(Stored items from a collection)

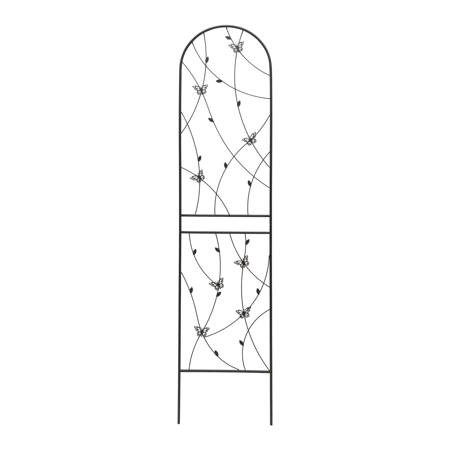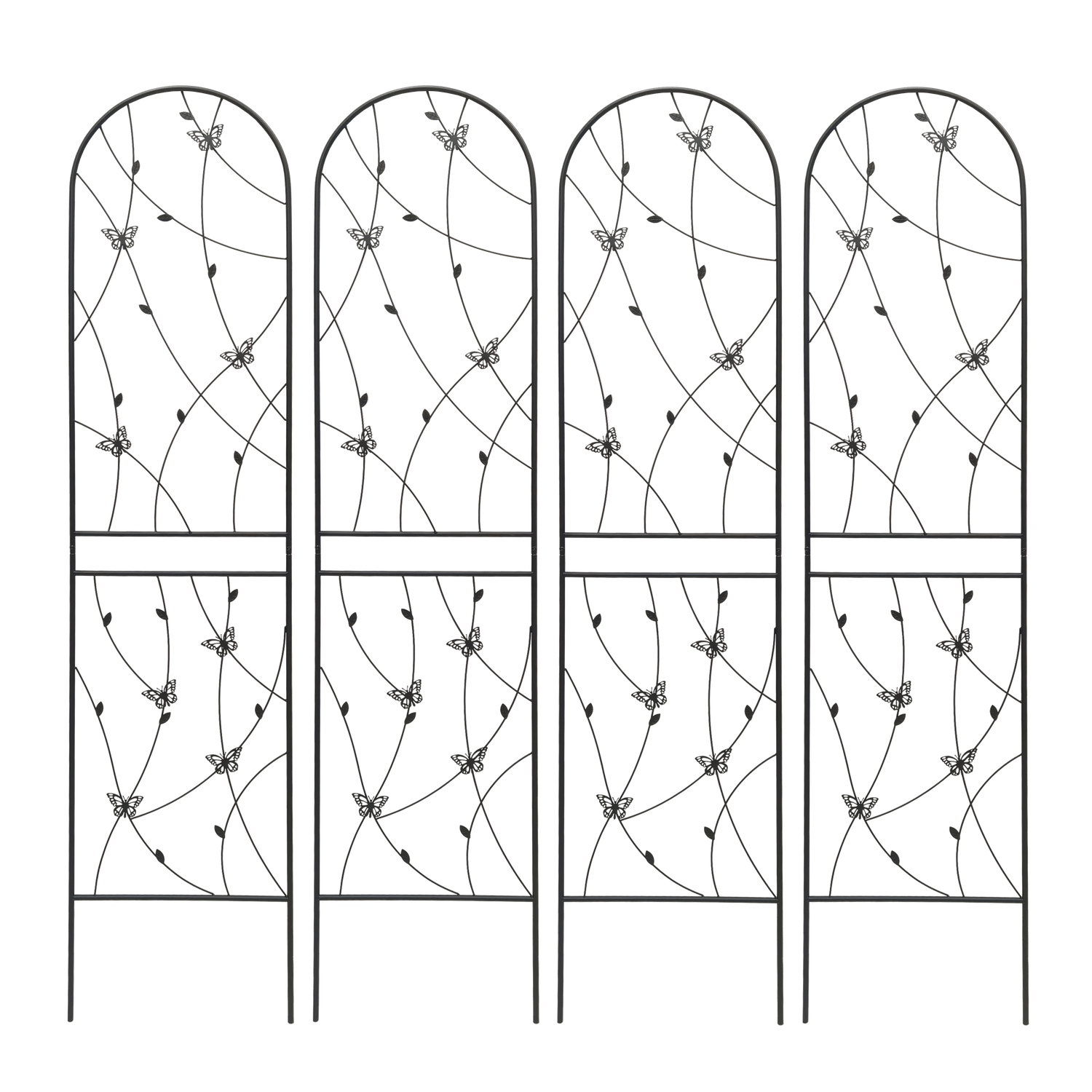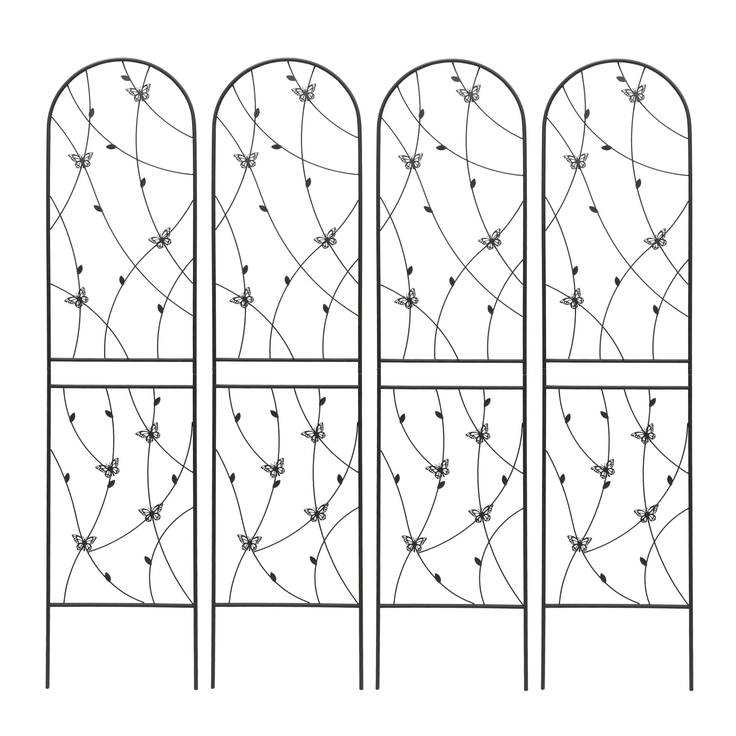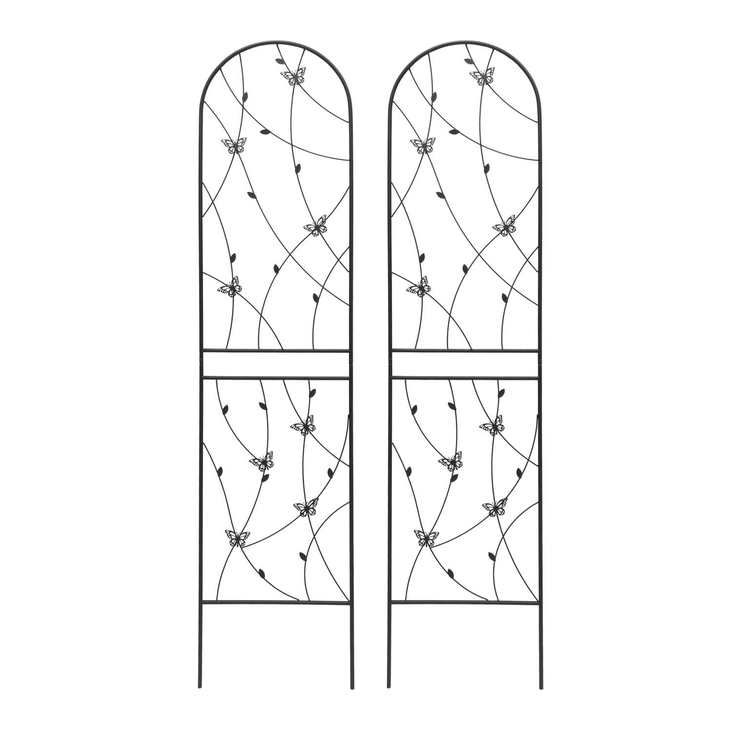 Support your climbing plants effortlessly with this 2-pack set of metal garden trellises, each measuring 19.7 inches wide by 86.7 inches high. Crafted from sturdy iron with a powder-coated finish, these black trellises resist rust and weather damage for lasting outdoor use. Their elegant butterfly design adds a decorative touch while providing reliable support for vines, flowers, and vegetables like peas, cucumbers, and beans. Easy to assemble with pre-cut and pre-drilled holes, each trellis can stand alone or combine to form a natural garden screen or corner. Perfect for creating vertical interest and boosting plant health, these rustproof garden supports will bring height and charm to your outdoor space. Elevate your garden’s beauty and productivity today.
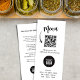 Dieses Design verfügt über ein Marketing, eine Broschürenkarte mit Service und Menüs mit einem trendigen, minimalistischen Stil, eine scannable QR-Code-Vorlage, ideal für Restaurants und Catering
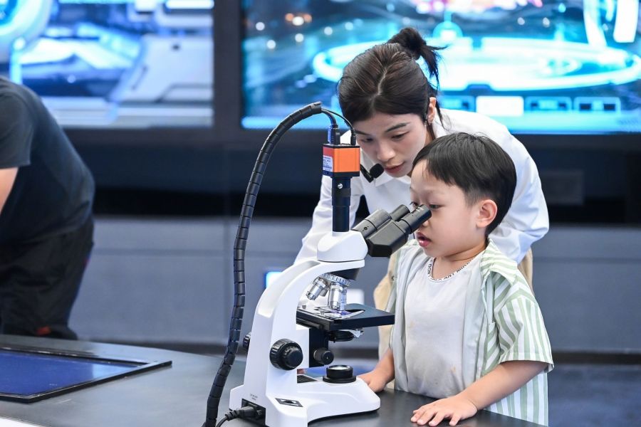 记者在探营中发现,长隆宇宙飞船的研学属性比较强,源于将游玩与科普的占比从8:2拉升至5:5。园区内设有鲨鱼课堂、海牛课堂等8大科普教室,并聘请了一批专业的科普讲师,采用演艺科普形式,一系列亲子STEAM课程更多强调科学工程思维,课程涉及数学、生命科学、物质科学、工程科学等多个科学领域。
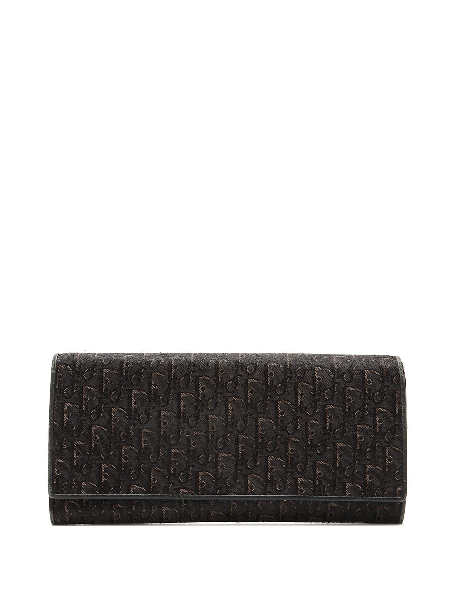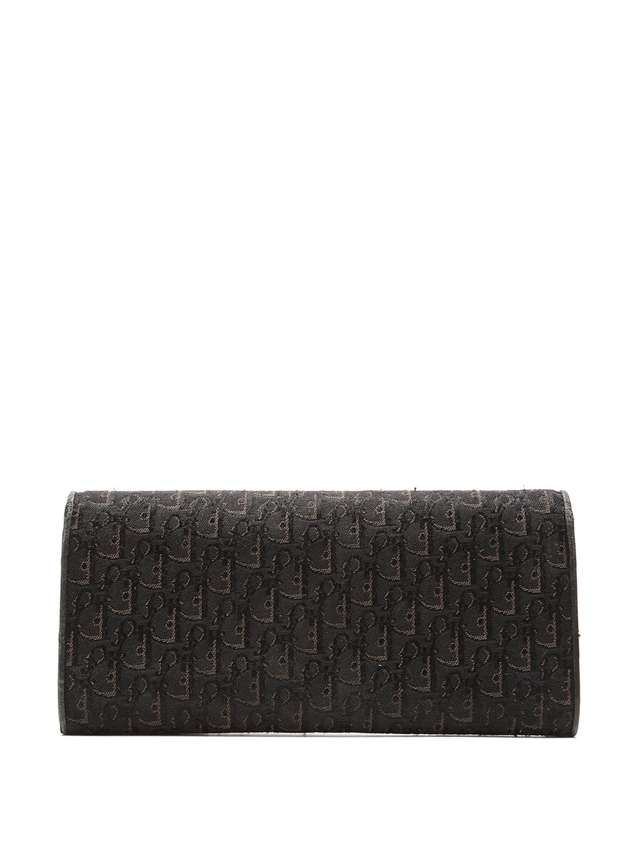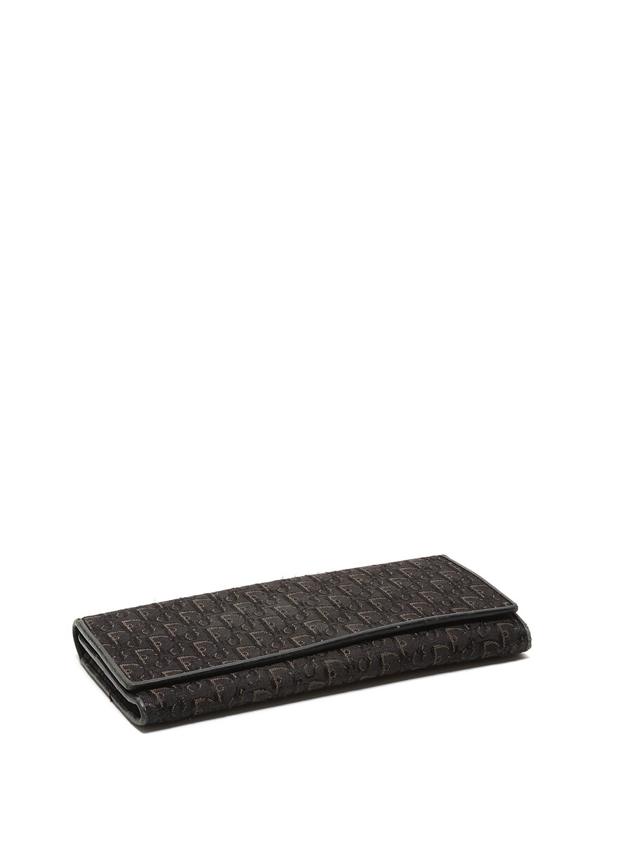 Portefeuille en canevas Dior Oblique emblématique avec détails en cuir et motif monogramme en noir. Fermeture à pression avec ferrures argentées.
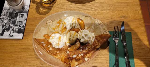 CrêperieEuropeanFrenchCrepesIce CreamSaladBachelor partyBirthdayBistroFrom marketGood for a business lunchGood for familiesLunchSeminarWith friendsLactose intoleranceLocally producedNut allergiesPeanut allergyVegan dishesVegetarian dishesAmerican ExpressChildren's menuDog-FriendlyWheelchair Accessible
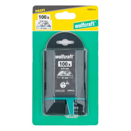 The trapezium blades for all wolfcraft trapezium blade knives are 0.65 mm thick and 61 mm long. You can store the 100 replacement blades safely in the practical storage box.wolfcraft GmbH 4309000. Quantity per pack: 100 pc(s), Width: 18.7 mm, Thickness: 0.65 mm
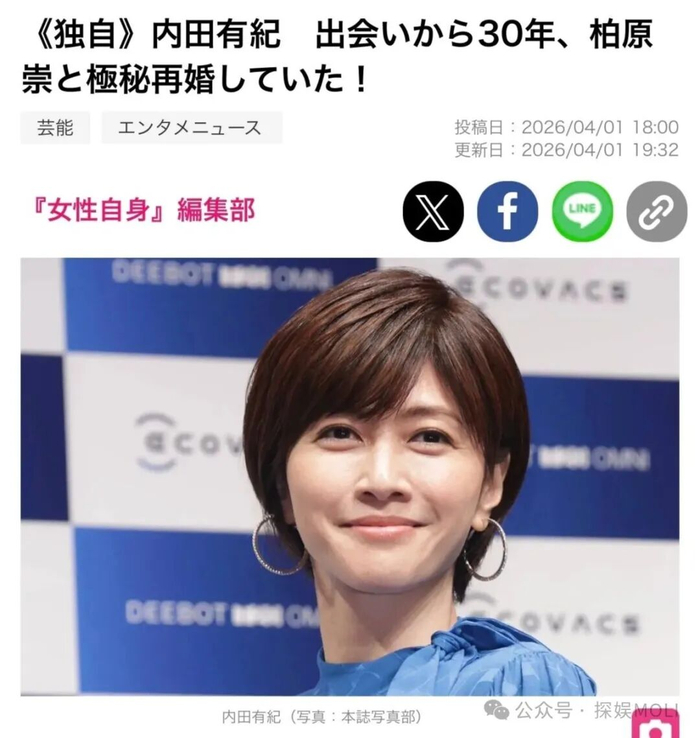 从广告初遇的心动,到好友相伴的默契,再到十六年相守的笃定,从台前偶像到幕后守护者,身份更迭,爱意未减。恭喜内田有纪与柏原崇,历经岁月沉淀,终成眷属,愿往后余生,三餐四季,安稳相伴,岁岁安康,幸福绵长。
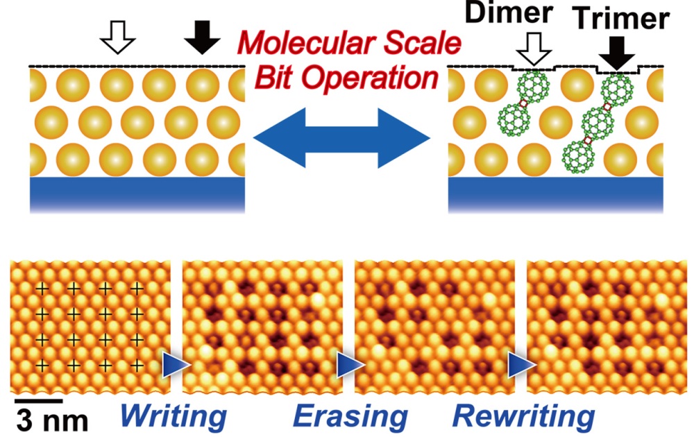 We used a thin film of fullerene C60 molecules and controlled single-molecule-level chemical reaction between C60 molecules in the film using an STM tip. We found that negative and positive ionization of a designated C60 molecule can selectively trigger polymerization and depolymerization reactions of the designated C60 molecule, respectively, with an adjacent molecule in the film. The mechanism of this STM-induced chemical reaction was experimentally and theoretically studied. When the film of C60 molecules is negatively biased against an STM tip, electron donation to C60 molecules occurs under the tip and the lowest unoccupied molecular orbital (LUMO) of C60 , the bound state between C60 molecules, is partially occupied. Further electronic excitation by tunneling electrons fulfills the bound state with two electrons, stabilizing the bound C60 molecule. When using opposite biases, the bound C60 molecules are positively ionized by extraction of electron. The destabilized bound state finally dissolves with the help of electronic excitation by tunneling electrons. Because electronic excitation by STM is in a very confined area, only a single C60 molecule underneath the STM tip can be controlled. Bound and unbound states of C60 molecules are easily recognized by the appearance and disappearance of depression of the film, and we demonstrated ultradense data storage at a bit density of 190 Tbits/in2 by controlling the chemical reactions at a single-molecule precision as shown in Fig. 1.

= Exercise objective =
Word for word, return the records shown above without their pictures.

= Task output =
 Support your climbing plants effortlessly with this 2-pack set of metal garden trellises, each measuring 19.7 inches wide by 86.7 inches high. Crafted from sturdy iron with a powder-coated finish, these black trellises resist rust and weather damage for lasting outdoor use. Their elegant butterfly design adds a decorative touch while providing reliable support for vines, flowers, and vegetables like peas, cucumbers, and beans. Easy to assemble with pre-cut and pre-drilled holes, each trellis can stand alone or combine to form a natural garden screen or corner. Perfect for creating vertical interest and boosting plant health, these rustproof garden supports will bring height and charm to your outdoor space. Elevate your garden’s beauty and productivity today.
 Dieses Design verfügt über ein Marketing, eine Broschürenkarte mit Service und Menüs mit einem trendigen, minimalistischen Stil, eine scannable QR-Code-Vorlage, ideal für Restaurants und Catering
 记者在探营中发现,长隆宇宙飞船的研学属性比较强,源于将游玩与科普的占比从8:2拉升至5:5。园区内设有鲨鱼课堂、海牛课堂等8大科普教室,并聘请了一批专业的科普讲师,采用演艺科普形式,一系列亲子STEAM课程更多强调科学工程思维,课程涉及数学、生命科学、物质科学、工程科学等多个科学领域。
 Portefeuille en canevas Dior Oblique emblématique avec détails en cuir et motif monogramme en noir. Fermeture à pression avec ferrures argentées.
 CrêperieEuropeanFrenchCrepesIce CreamSaladBachelor partyBirthdayBistroFrom marketGood for a business lunchGood for familiesLunchSeminarWith friendsLactose intoleranceLocally producedNut allergiesPeanut allergyVegan dishesVegetarian dishesAmerican ExpressChildren's menuDog-FriendlyWheelchair Accessible
 The trapezium blades for all wolfcraft trapezium blade knives are 0.65 mm thick and 61 mm long. You can store the 100 replacement blades safely in the practical storage box.wolfcraft GmbH 4309000. Quantity per pack: 100 pc(s), Width: 18.7 mm, Thickness: 0.65 mm
 从广告初遇的心动,到好友相伴的默契,再到十六年相守的笃定,从台前偶像到幕后守护者,身份更迭,爱意未减。恭喜内田有纪与柏原崇,历经岁月沉淀,终成眷属,愿往后余生,三餐四季,安稳相伴,岁岁安康,幸福绵长。
 We used a thin film of fullerene C60 molecules and controlled single-molecule-level chemical reaction between C60 molecules in the film using an STM tip. We found that negative and positive ionization of a designated C60 molecule can selectively trigger polymerization and depolymerization reactions of the designated C60 molecule, respectively, with an adjacent molecule in the film. The mechanism of this STM-induced chemical reaction was experimentally and theoretically studied. When the film of C60 molecules is negatively biased against an STM tip, electron donation to C60 molecules occurs under the tip and the lowest unoccupied molecular orbital (LUMO) of C60 , the bound state between C60 molecules, is partially occupied. Further electronic excitation by tunneling electrons fulfills the bound state with two electrons, stabilizing the bound C60 molecule. When using opposite biases, the bound C60 molecules are positively ionized by extraction of electron. The destabilized bound state finally dissolves with the help of electronic excitation by tunneling electrons. Because electronic excitation by STM is in a very confined area, only a single C60 molecule underneath the STM tip can be controlled. Bound and unbound states of C60 molecules are easily recognized by the appearance and disappearance of depression of the film, and we demonstrated ultradense data storage at a bit density of 190 Tbits/in2 by controlling the chemical reactions at a single-molecule precision as shown in Fig. 1.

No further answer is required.